LISTS: Top 5 American Cars of the 1980s

Continuing our countdown to Back to the 80s, we come to the Top 5 American cars of the 1980s. While today, a lot of us look at 70's muscle cars through rose tinted glasses thinking of only the pre-emissions cars, the fact of the matter is that by the turn of the decade it was bleak, we had boogie vans and lowriders but performance vehicles they were not. By 1980 an a mere 170 hp came out of a 350 small block Chevrolet V8, a Dodge 318 cubic inch V8 generated a shocking 120 HP and 140 HP came out of Ford's Windsor 302 V8. Add to that some atrocious design issues, the Japanese coming out of left field with extremely good cars, a general lack of innovation and you begin to understand why we called this era The Malaise. However, after the turn of the decade things were picking up and by the mid-1980s America was back in the game.

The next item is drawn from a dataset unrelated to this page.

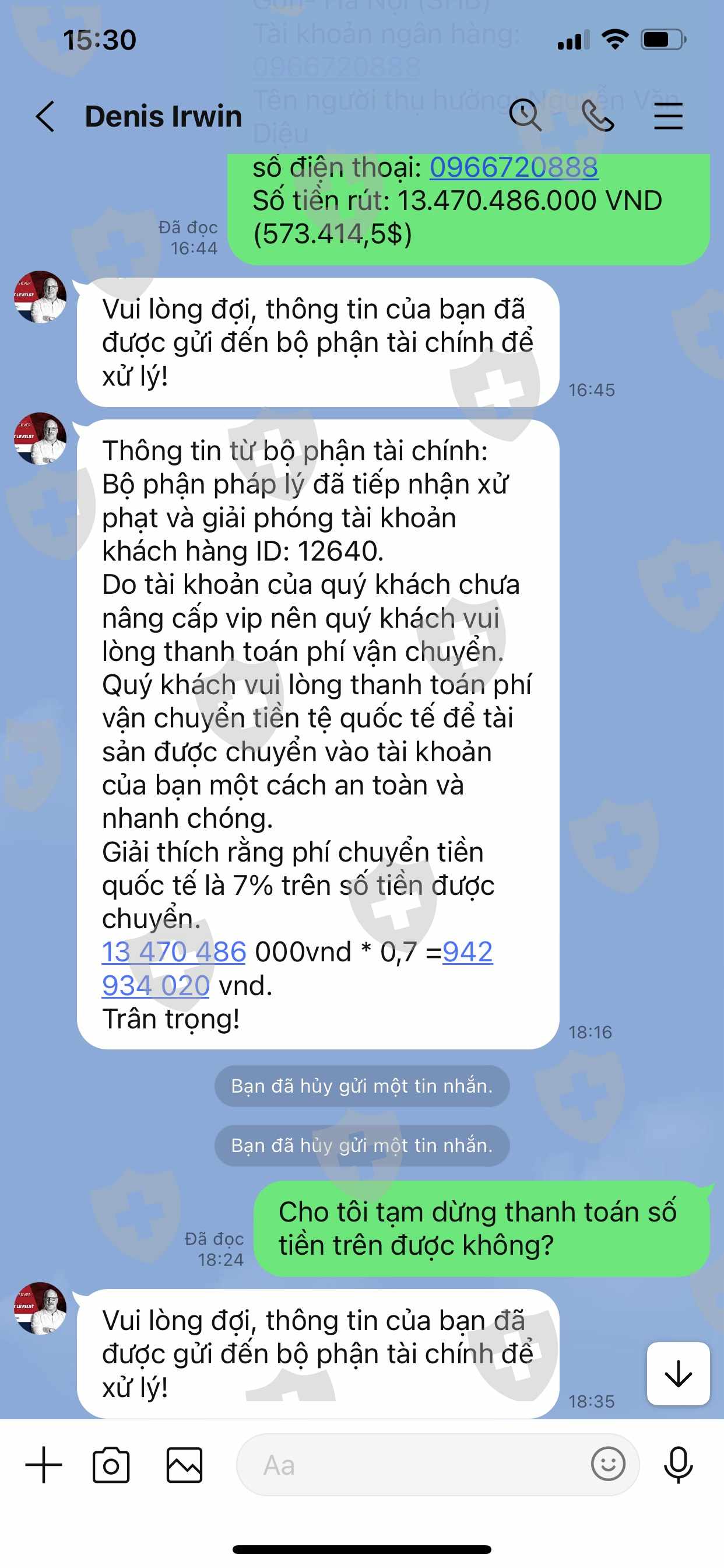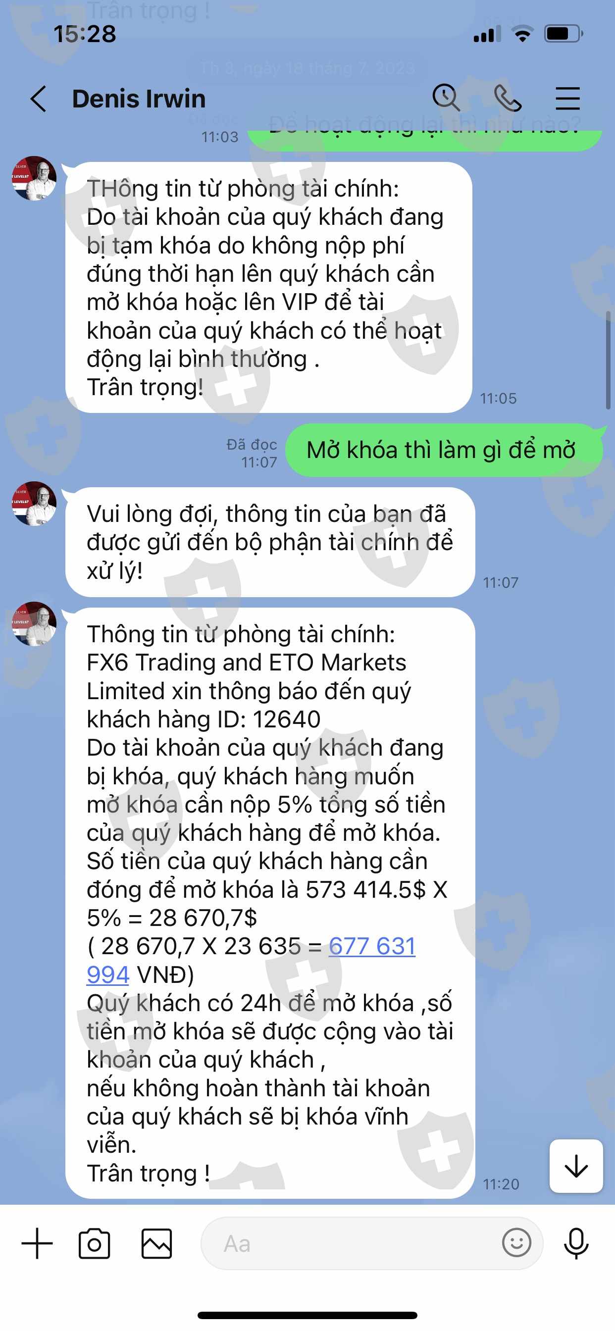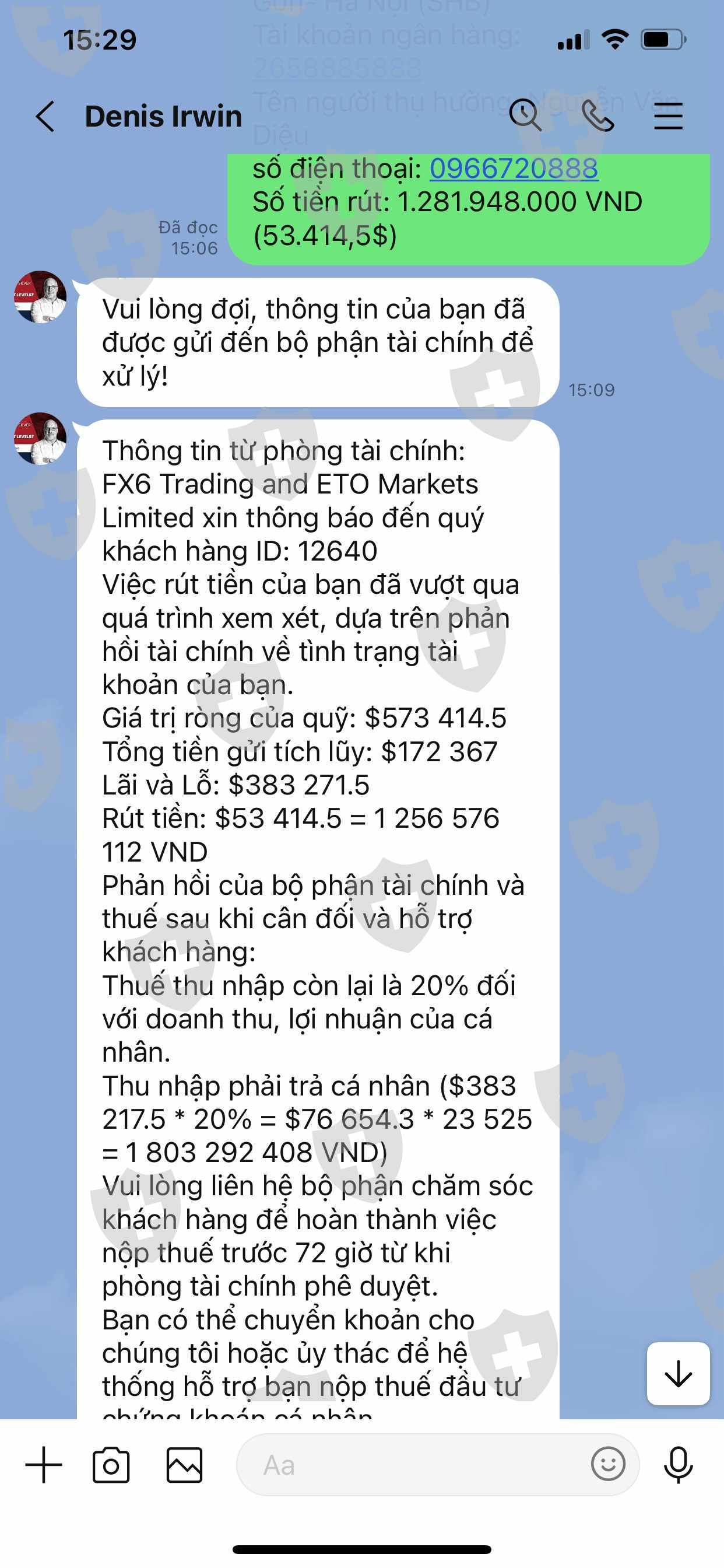 Từ tháng tháng 5 đến tháng 6 năm 2023 tôi có đầu tư vào sàn Ai TradeMateFX6 nhưng khi rút toàn bộ số tiền: 573.414,5 USDT về tài khoản thì bộ phận CSKH của sàn thông báo bắt đóng thuế 20% xong sau đó lại bắt đóng phí chuyển tiền quốc tế 7% tôi không đóng số tiền đó nữa. Đến 20/7 sàn khoá tài khoản của tôi.

At Chrysler, Lee Iacocca (god bless him) spearheaded their first government bailout and actually saved the company with an amazing amount of innovation. GM and Ford also took steps to up their quality, not through old hat tricks but through legitimate quality improvements and R&D. This fresh infusion of technology saw better drag coeffecients, fuel injection and turbocharging which allowed more economic power to be had. All of that innovation lead to the birth of the Modern Muscle Car and even non-muscle cars were finally on a level to battle imports. The American car was back with a vengeance.

We're running a poll on the MNCEC Facebook group and here are your Top 5 Best American Cars of the 1980s as chosen by you at time of writing.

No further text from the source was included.